WHAT NEEDS TO BE DONE: Return only the lines of the listing below that run from the line with "서울 중구 정동 프란치스코" through the line with "为进一步深化警校共建育人机制", both ends included, exactly as written.

DATA FOR REVIEW:
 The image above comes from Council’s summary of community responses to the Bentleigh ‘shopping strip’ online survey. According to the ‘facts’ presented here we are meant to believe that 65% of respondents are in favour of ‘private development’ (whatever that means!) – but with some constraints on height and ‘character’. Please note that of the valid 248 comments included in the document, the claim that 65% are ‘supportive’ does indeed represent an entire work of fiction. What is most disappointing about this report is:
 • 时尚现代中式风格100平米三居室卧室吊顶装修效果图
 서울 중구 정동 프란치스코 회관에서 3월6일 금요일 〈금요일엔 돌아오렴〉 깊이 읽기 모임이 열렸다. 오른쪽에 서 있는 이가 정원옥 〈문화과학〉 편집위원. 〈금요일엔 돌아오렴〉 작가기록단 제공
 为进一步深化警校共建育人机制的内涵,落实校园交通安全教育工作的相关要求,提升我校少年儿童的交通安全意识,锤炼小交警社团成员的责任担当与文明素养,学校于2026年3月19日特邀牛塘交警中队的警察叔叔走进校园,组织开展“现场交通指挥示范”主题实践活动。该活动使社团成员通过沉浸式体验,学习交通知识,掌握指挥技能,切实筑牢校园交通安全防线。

---

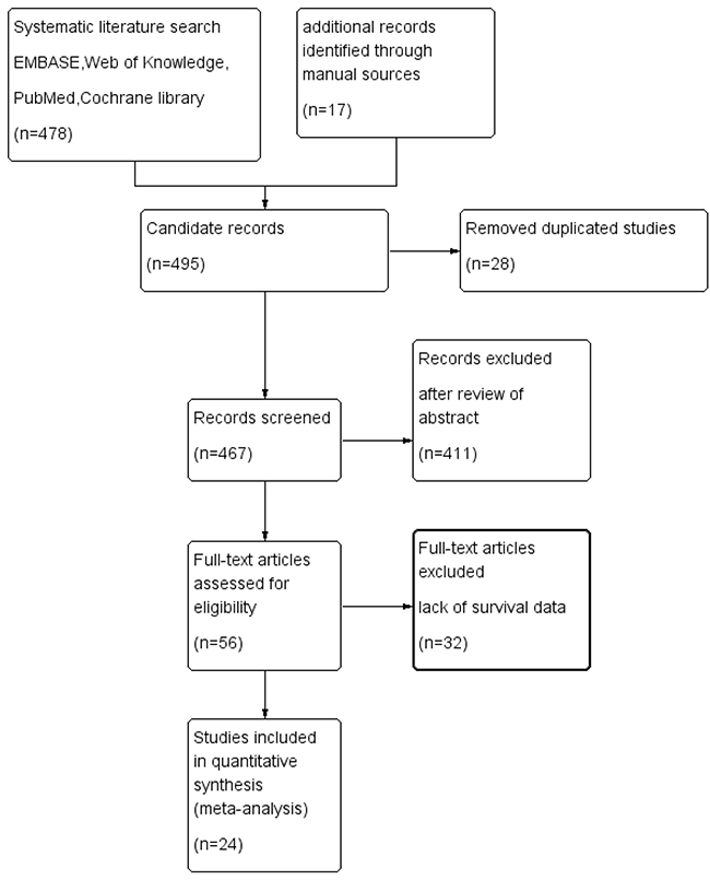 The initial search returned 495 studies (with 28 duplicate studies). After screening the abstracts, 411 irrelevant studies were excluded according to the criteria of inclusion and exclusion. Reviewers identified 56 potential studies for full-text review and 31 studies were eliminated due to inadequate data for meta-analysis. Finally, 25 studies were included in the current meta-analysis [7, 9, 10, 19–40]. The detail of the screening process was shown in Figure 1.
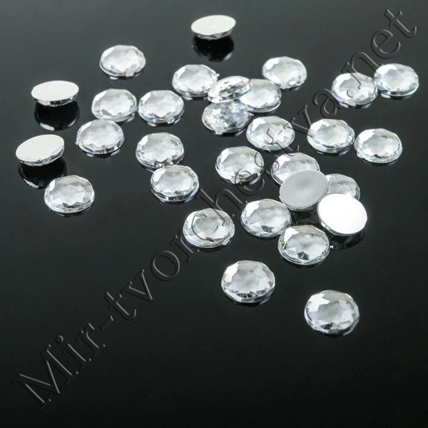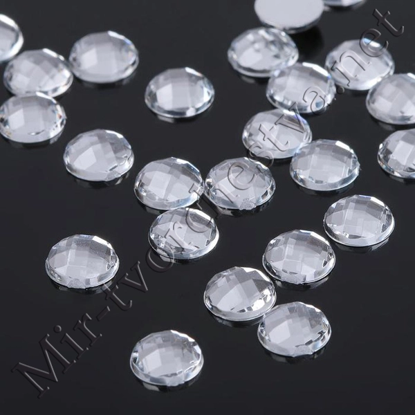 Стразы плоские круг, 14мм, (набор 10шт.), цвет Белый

==

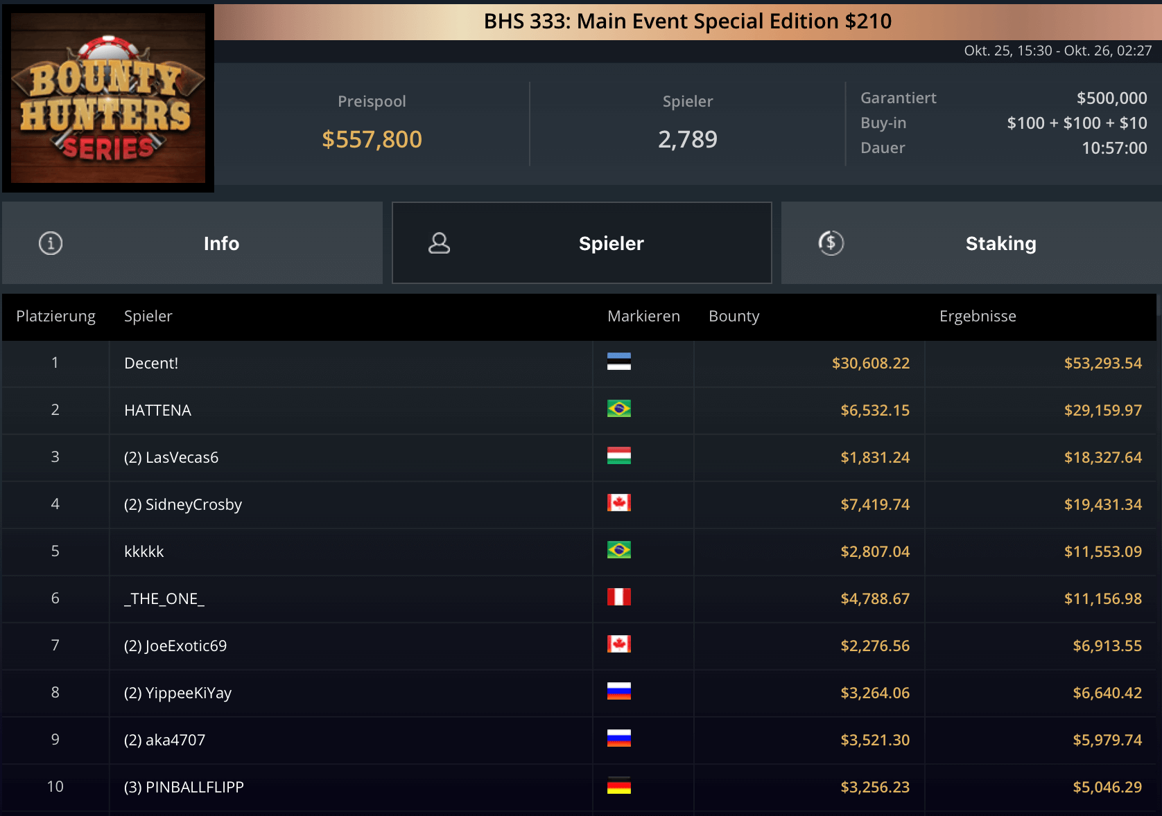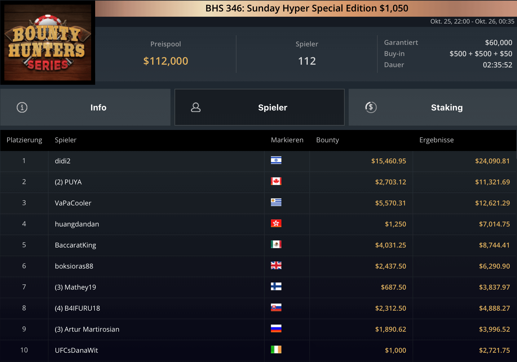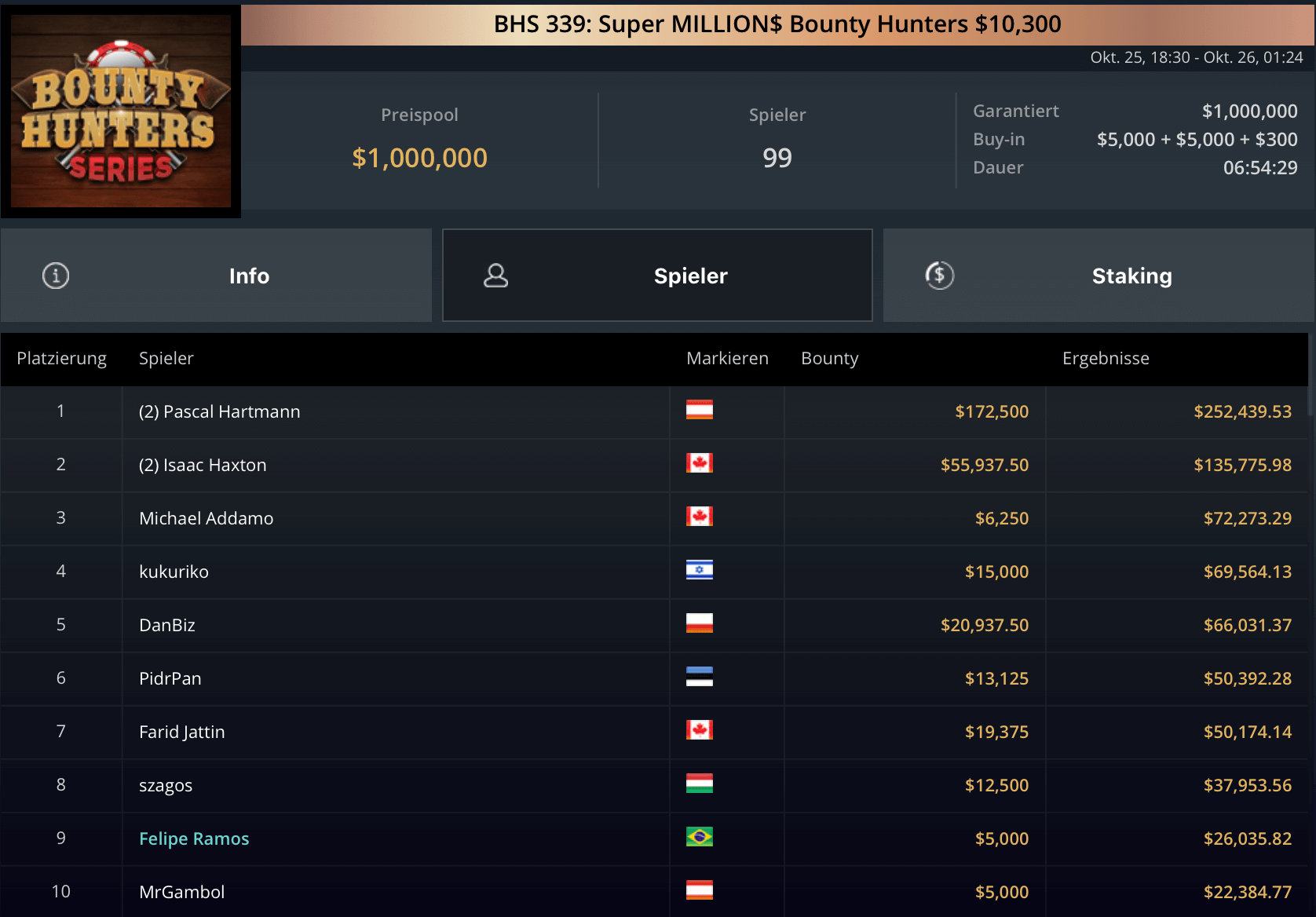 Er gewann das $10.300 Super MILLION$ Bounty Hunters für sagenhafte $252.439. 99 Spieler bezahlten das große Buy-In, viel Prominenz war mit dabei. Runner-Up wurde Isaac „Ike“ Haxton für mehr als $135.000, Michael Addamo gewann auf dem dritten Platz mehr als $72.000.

EXERCISE RESULT:
 서울 중구 정동 프란치스코 회관에서 3월6일 금요일 〈금요일엔 돌아오렴〉 깊이 읽기 모임이 열렸다. 오른쪽에 서 있는 이가 정원옥 〈문화과학〉 편집위원. 〈금요일엔 돌아오렴〉 작가기록단 제공
 为进一步深化警校共建育人机制的内涵,落实校园交通安全教育工作的相关要求,提升我校少年儿童的交通安全意识,锤炼小交警社团成员的责任担当与文明素养,学校于2026年3月19日特邀牛塘交警中队的警察叔叔走进校园,组织开展“现场交通指挥示范”主题实践活动。该活动使社团成员通过沉浸式体验,学习交通知识,掌握指挥技能,切实筑牢校园交通安全防线。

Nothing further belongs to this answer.